Stored records
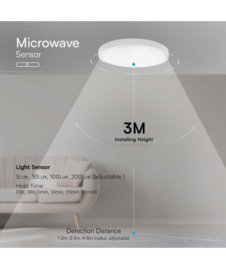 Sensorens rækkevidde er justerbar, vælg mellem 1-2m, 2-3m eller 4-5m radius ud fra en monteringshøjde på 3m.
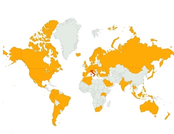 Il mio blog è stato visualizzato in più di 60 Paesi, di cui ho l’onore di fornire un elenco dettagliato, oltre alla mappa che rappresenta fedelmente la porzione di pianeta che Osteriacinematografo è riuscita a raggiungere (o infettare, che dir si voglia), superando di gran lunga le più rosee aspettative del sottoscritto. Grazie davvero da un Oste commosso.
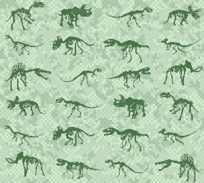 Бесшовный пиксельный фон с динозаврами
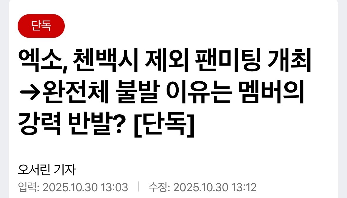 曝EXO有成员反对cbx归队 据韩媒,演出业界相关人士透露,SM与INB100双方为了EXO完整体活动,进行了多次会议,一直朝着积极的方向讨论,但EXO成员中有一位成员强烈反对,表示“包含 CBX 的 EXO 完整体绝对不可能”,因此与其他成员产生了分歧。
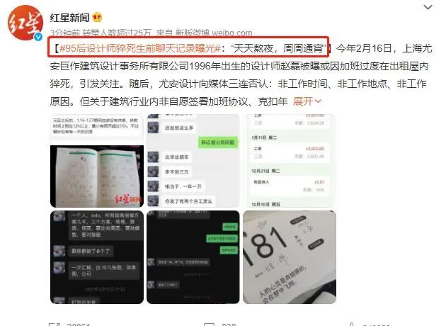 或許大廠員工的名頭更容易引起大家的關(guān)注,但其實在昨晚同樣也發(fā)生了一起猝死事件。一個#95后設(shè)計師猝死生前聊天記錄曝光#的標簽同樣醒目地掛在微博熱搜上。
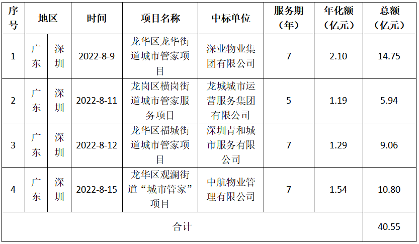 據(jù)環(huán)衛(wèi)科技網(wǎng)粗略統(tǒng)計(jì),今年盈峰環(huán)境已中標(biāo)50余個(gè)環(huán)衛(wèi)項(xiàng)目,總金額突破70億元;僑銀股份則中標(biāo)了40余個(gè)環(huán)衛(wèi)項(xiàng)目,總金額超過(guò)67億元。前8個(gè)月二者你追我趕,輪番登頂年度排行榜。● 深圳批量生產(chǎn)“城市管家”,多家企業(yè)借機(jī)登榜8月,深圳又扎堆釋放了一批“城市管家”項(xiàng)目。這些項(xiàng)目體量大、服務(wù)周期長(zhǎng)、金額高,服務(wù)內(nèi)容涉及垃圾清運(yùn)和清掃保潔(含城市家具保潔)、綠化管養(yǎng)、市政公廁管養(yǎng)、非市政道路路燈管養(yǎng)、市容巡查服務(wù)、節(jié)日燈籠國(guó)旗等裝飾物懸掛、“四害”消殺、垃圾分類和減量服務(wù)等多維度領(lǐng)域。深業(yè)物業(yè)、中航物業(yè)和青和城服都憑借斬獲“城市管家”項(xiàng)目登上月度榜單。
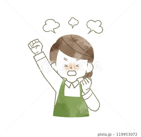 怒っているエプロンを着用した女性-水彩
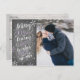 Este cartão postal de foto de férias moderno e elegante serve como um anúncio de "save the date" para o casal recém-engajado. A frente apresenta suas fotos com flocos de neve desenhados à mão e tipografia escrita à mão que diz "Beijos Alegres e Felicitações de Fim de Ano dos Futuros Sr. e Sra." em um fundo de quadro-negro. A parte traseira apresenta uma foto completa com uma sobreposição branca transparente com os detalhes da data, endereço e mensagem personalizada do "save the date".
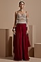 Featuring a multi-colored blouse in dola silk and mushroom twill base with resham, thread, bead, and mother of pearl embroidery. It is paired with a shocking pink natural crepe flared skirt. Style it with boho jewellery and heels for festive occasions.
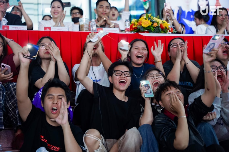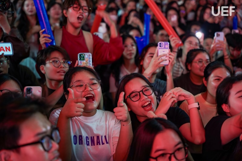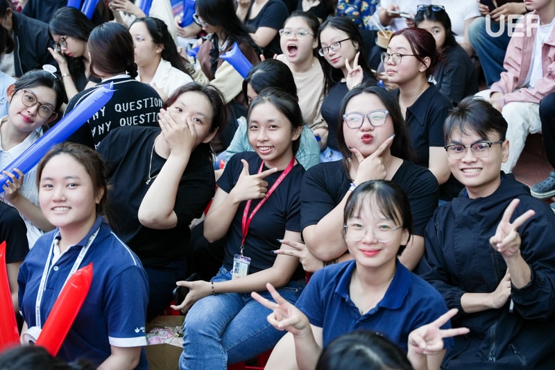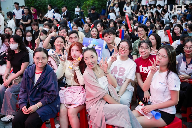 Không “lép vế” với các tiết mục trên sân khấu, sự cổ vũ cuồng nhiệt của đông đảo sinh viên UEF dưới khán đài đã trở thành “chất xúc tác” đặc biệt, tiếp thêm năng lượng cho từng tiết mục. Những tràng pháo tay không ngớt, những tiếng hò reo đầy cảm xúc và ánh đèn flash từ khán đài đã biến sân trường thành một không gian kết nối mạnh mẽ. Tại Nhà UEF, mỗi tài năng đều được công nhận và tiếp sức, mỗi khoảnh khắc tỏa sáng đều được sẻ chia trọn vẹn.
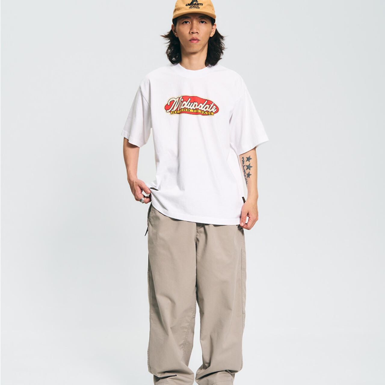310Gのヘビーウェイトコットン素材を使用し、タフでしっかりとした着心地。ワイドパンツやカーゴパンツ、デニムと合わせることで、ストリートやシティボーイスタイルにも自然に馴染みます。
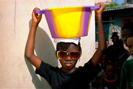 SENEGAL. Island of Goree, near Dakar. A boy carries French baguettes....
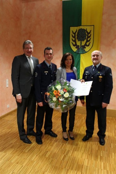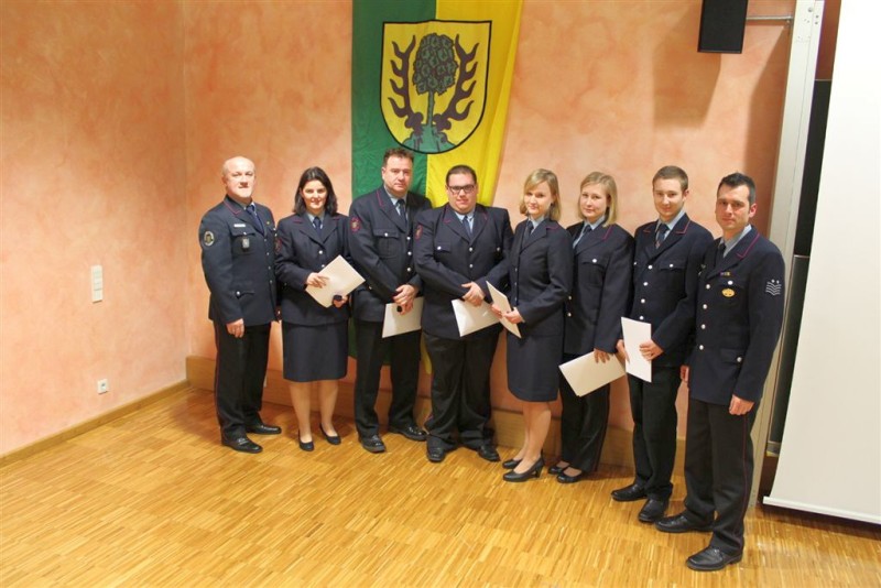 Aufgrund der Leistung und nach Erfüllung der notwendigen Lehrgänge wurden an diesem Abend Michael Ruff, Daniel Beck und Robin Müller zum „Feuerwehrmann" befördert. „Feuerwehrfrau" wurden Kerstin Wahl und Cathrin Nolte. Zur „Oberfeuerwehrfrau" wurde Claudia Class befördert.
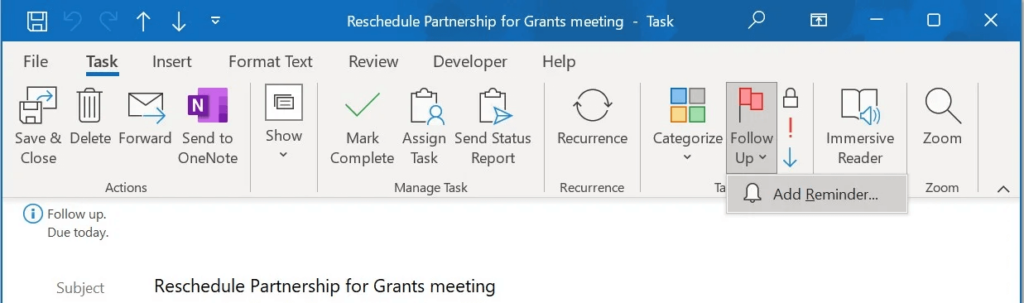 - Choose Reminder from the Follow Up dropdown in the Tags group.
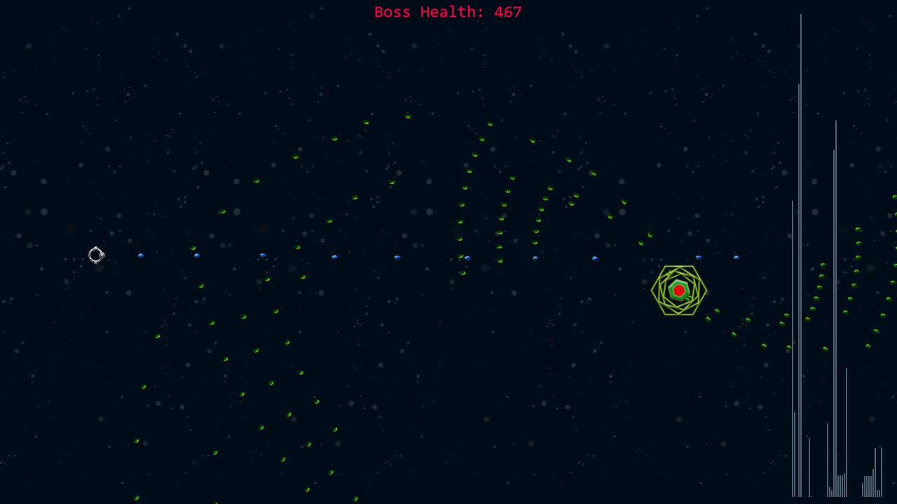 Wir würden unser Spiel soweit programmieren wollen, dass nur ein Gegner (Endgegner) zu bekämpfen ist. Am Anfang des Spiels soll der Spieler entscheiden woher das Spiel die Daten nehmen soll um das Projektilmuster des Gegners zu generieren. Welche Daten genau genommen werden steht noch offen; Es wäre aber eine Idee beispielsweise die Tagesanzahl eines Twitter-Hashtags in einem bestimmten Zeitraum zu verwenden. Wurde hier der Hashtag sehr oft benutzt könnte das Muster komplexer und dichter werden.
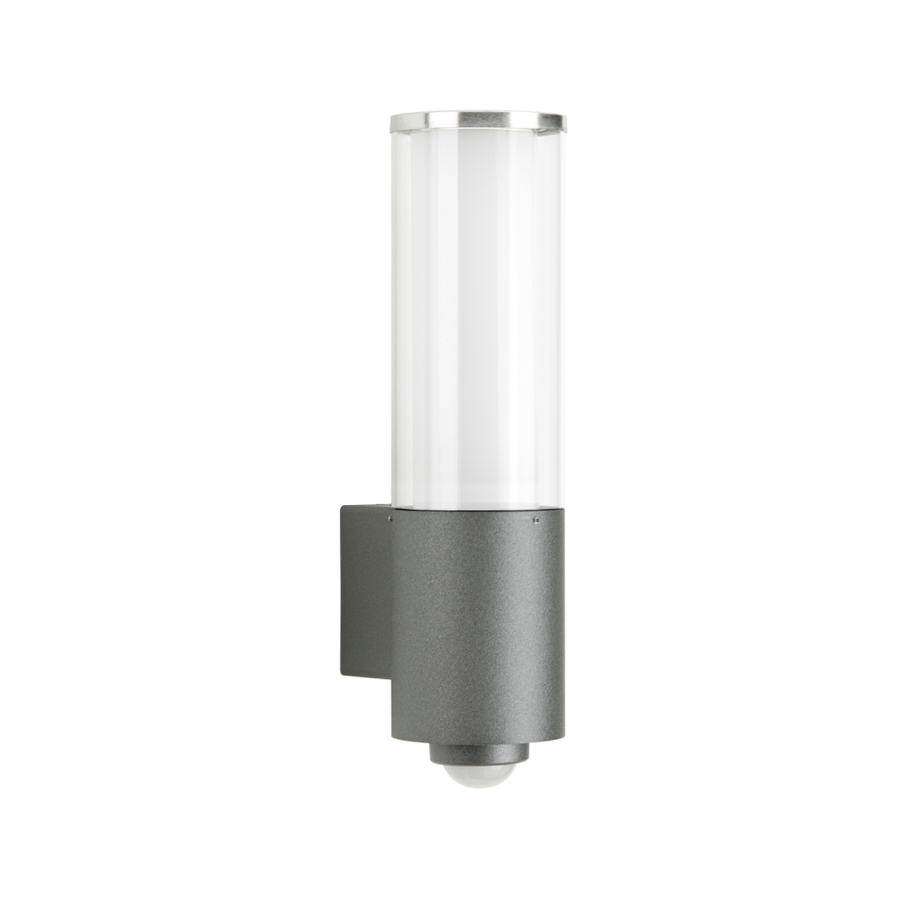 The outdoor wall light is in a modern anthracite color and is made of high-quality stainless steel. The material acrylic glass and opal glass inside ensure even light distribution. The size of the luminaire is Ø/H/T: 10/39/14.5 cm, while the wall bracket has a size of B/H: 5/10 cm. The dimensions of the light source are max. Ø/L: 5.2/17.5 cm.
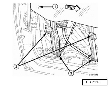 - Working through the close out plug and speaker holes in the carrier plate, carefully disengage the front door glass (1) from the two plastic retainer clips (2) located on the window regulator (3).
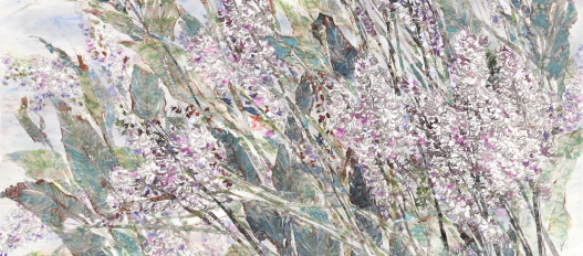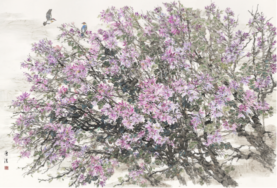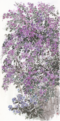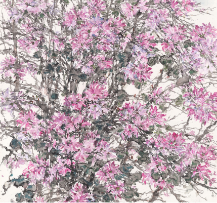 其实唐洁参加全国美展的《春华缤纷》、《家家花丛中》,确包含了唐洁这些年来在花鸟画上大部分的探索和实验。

> EXERCISE OBJECTIVE: Your answer must be the exact lines from the start of the data through the line with "Il mio blog", inclusive, and nothing else; pictures do not belong in it.

> WORKED SOLUTION:
 Sensorens rækkevidde er justerbar, vælg mellem 1-2m, 2-3m eller 4-5m radius ud fra en monteringshøjde på 3m.
 Il mio blog è stato visualizzato in più di 60 Paesi, di cui ho l’onore di fornire un elenco dettagliato, oltre alla mappa che rappresenta fedelmente la porzione di pianeta che Osteriacinematografo è riuscita a raggiungere (o infettare, che dir si voglia), superando di gran lunga le più rosee aspettative del sottoscritto. Grazie davvero da un Oste commosso.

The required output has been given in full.